Once you reach the line with "- Fine 14K Yellow", transcribe it and every line after it to the end of the records, exactly, but not the pictures.
---------- Material supplied ----------
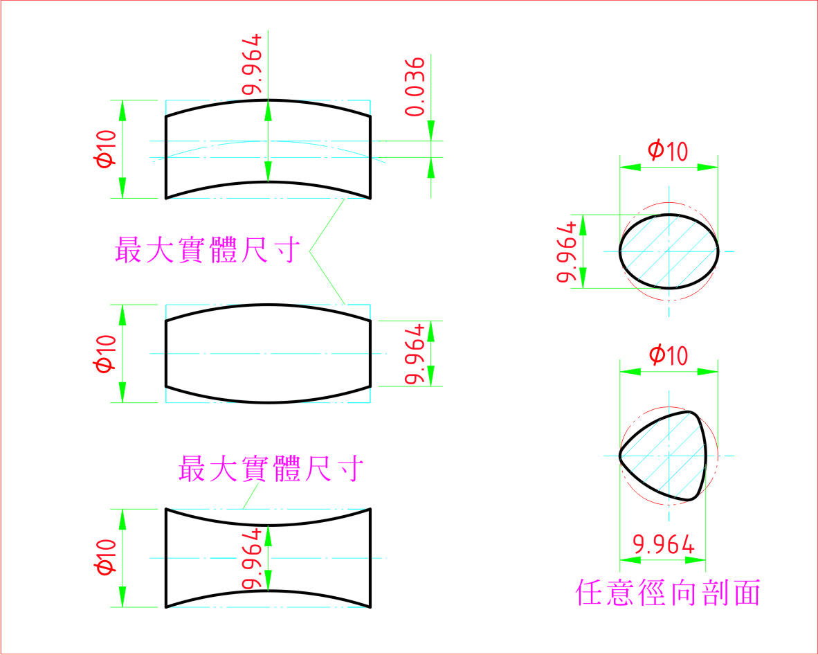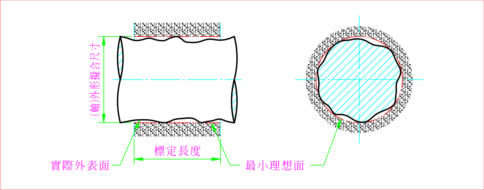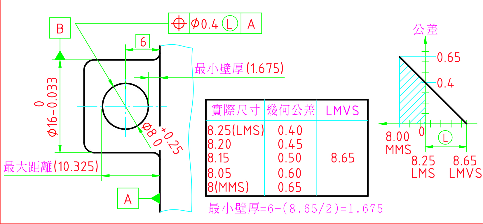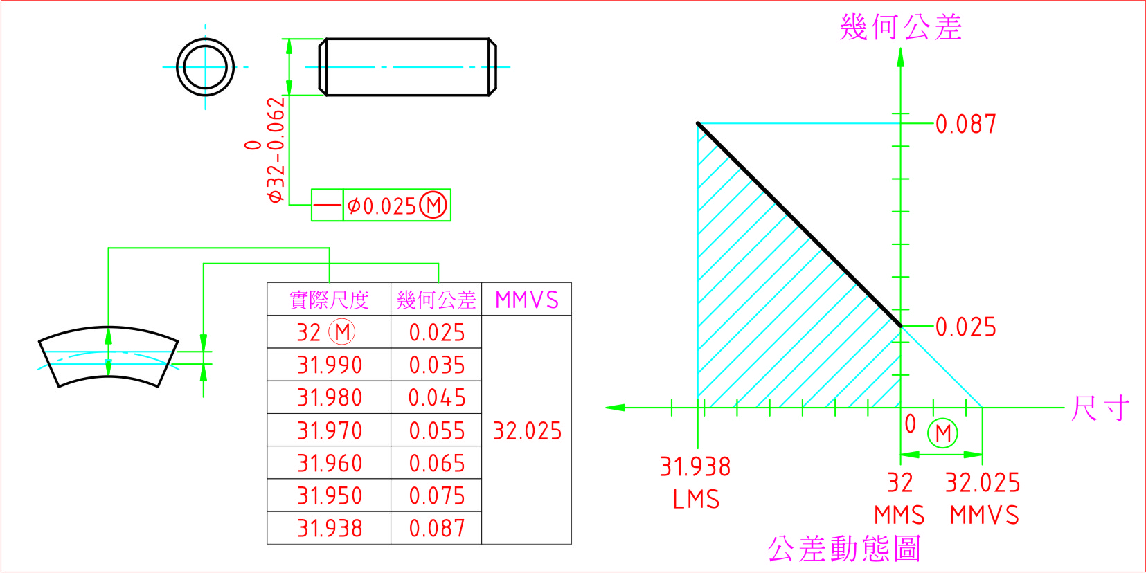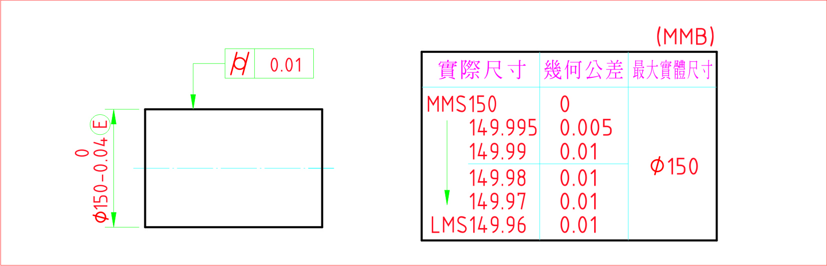 尺寸形態的實際實效尺寸,不得超出最小實體實效尺寸(LMVS)。亦即當實際尺寸從最小實體尺寸向最大實體尺寸偏離時,允許被測形態的幾何公差值增大。
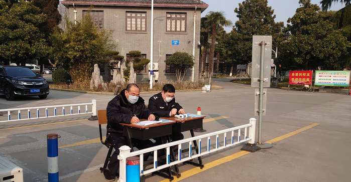 疫情防控期间,保卫处严格执行处领导带班值守制,以上率下、率先垂范,全体党员干部冲锋在前、义无反顾,全体校卫队员以防疫大局为重,默默奉献,无一人退缩,无一人脱岗,持续执行“五加二”“白加黑”疫情防控制度,校卫队队长、副队长,坚守防控一线,每天坚持到各校区检查人员在位、措施落实情况,指导门卫开展疫情防控工作,及时上报校卫队人员流动、在岗及异常情况。根据《疫情防控工作方案》,校卫队下发“关于疫情防控”期间相关工作要求,加强门卫管理,严格控制外来人员及车辆进入学校。对所有进入校园的职工进行体温检测,登记,劝阻外来人员不要进入校园。特别是部分校内职工,由于封闭部分大门,给他们进入校园带来不便,对于他们的不理解不配合,校卫队员耐心做工作,承受委屈,但他们毫无怨言,仍然坚持原则、一丝不苟,认真做好门卫管理工作。部分队员表示国家有难,匹夫有责,再苦再难,也要完成疫情防控任务,报答学校关怀。南校区校卫队队员杨波,家里亲戚病故,为了不影响正常工作,强忍悲痛,坚守工作岗位。东校区巡逻班长杨军,主动放弃双休日,坚持每天带班工作。西校区校卫队分队长丁跃生同志,2月份即将退休,但该同志坚守岗位,坚持站好最后一班岗。三校区巡逻队员在保持校园正常巡逻状态下,间隔时间加强门卫管理。
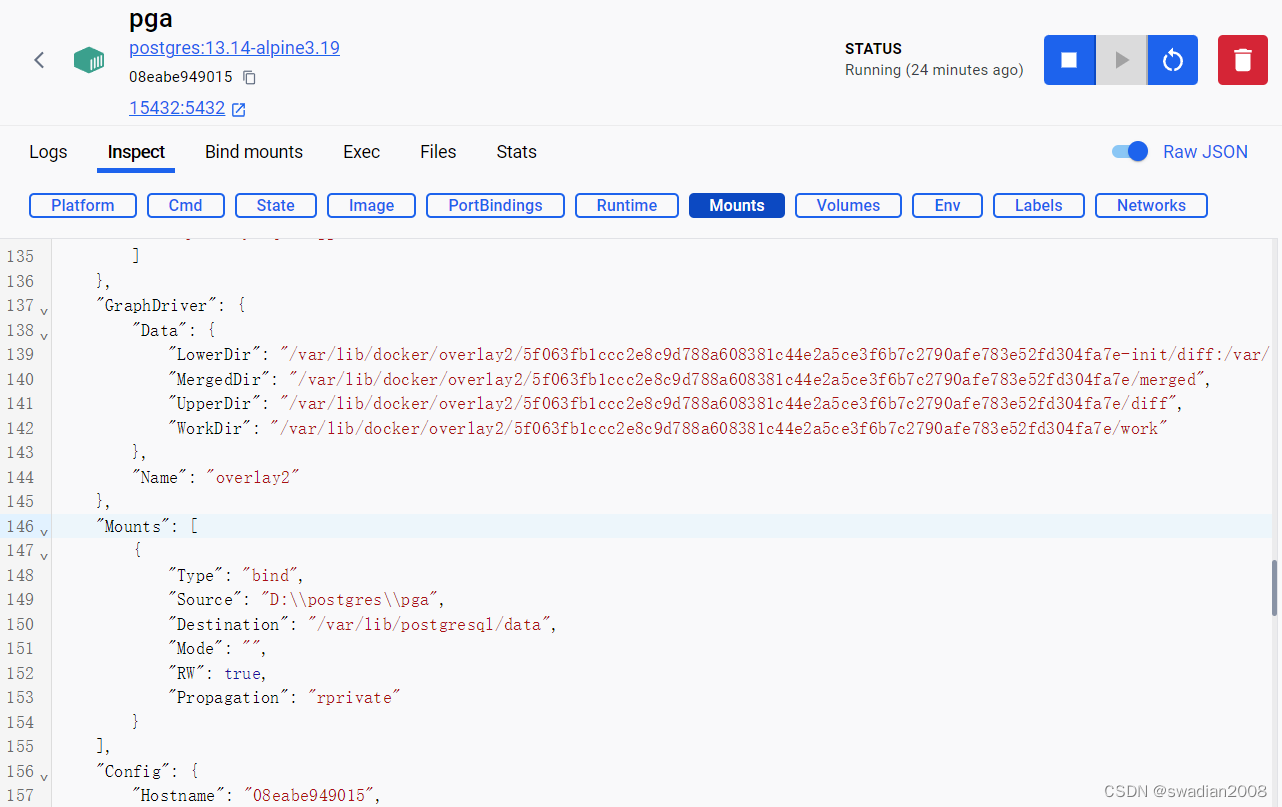 点击 view details,你可以看到与该容器有关的详细信息,比如容器的运行日志、挂载、容器内文件夹、容器运行状况等,如下图所示:
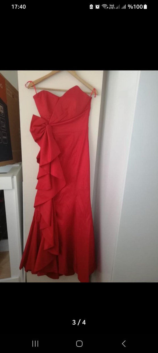 Kırmızı parlak kumaştan, drapeli ve straplez, uzun kesim klasik Paris tarzı abiye elbise. Düğünler için uygun, vücuda oturan model.
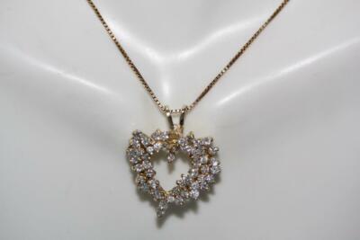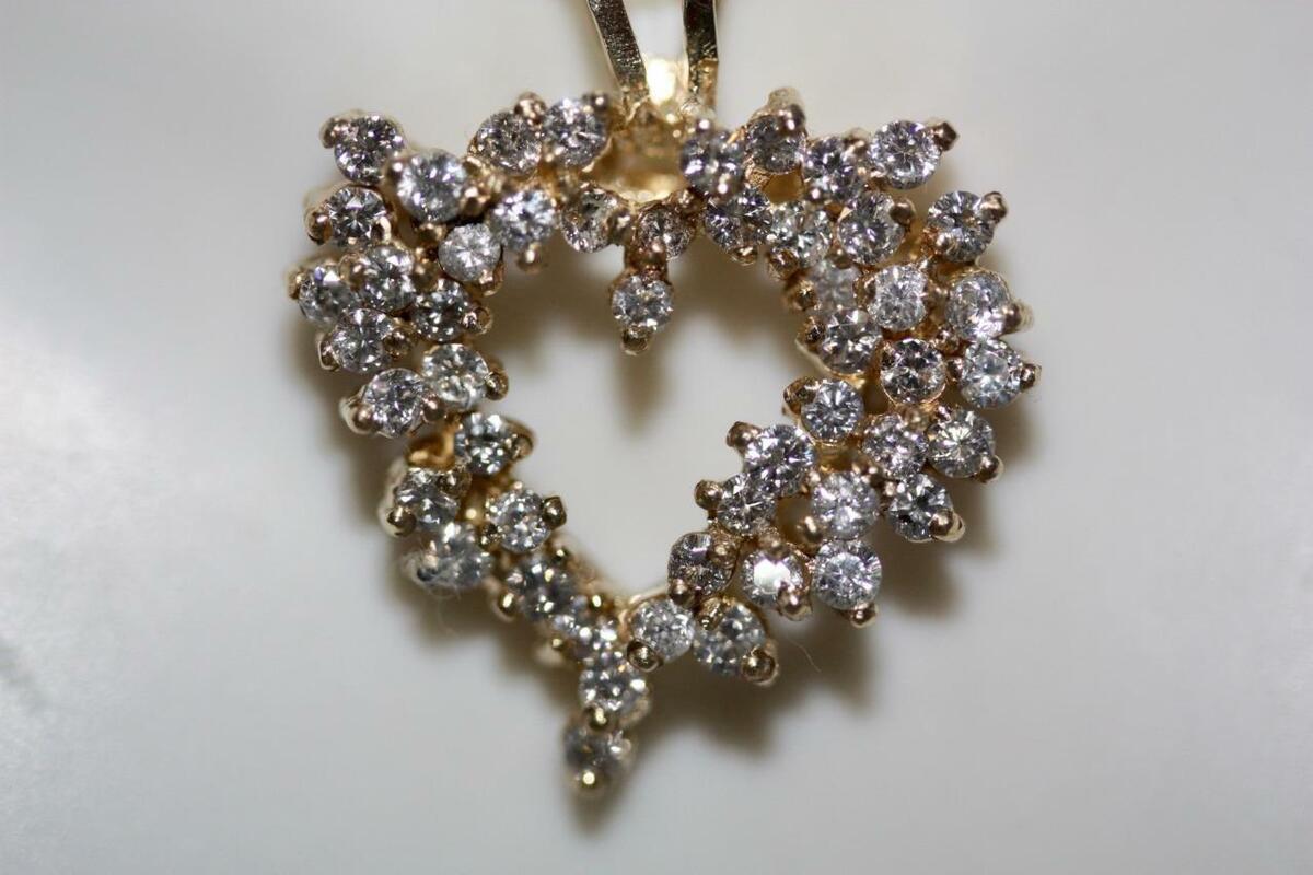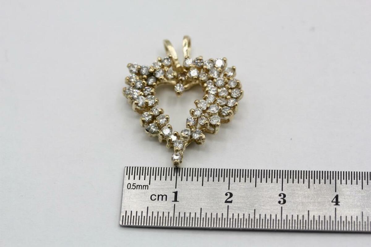 - Fine 14K Yellow Gold Large Diamond Cluster Open Heart Pendant 1.50ctw (5.0grams)
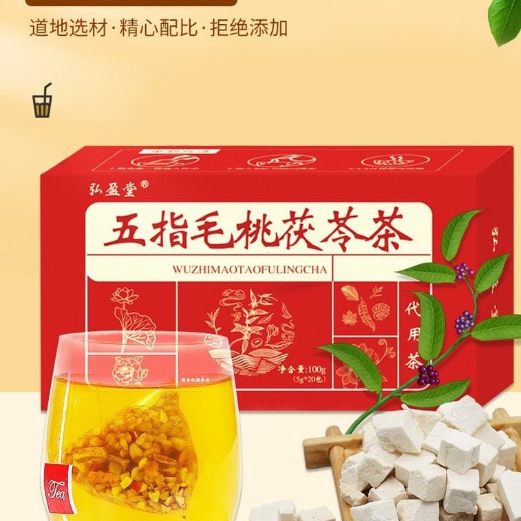China Hongyingtang Five Finger Peach Poria Tea with Poria cocos for Spleen Strengthening Stomach Nourishing Heat Clear
----------
- [Result of the exercise]:
 - Fine 14K Yellow Gold Large Diamond Cluster Open Heart Pendant 1.50ctw (5.0grams)
China Hongyingtang Five Finger Peach Poria Tea with Poria cocos for Spleen Strengthening Stomach Nourishing Heat Clear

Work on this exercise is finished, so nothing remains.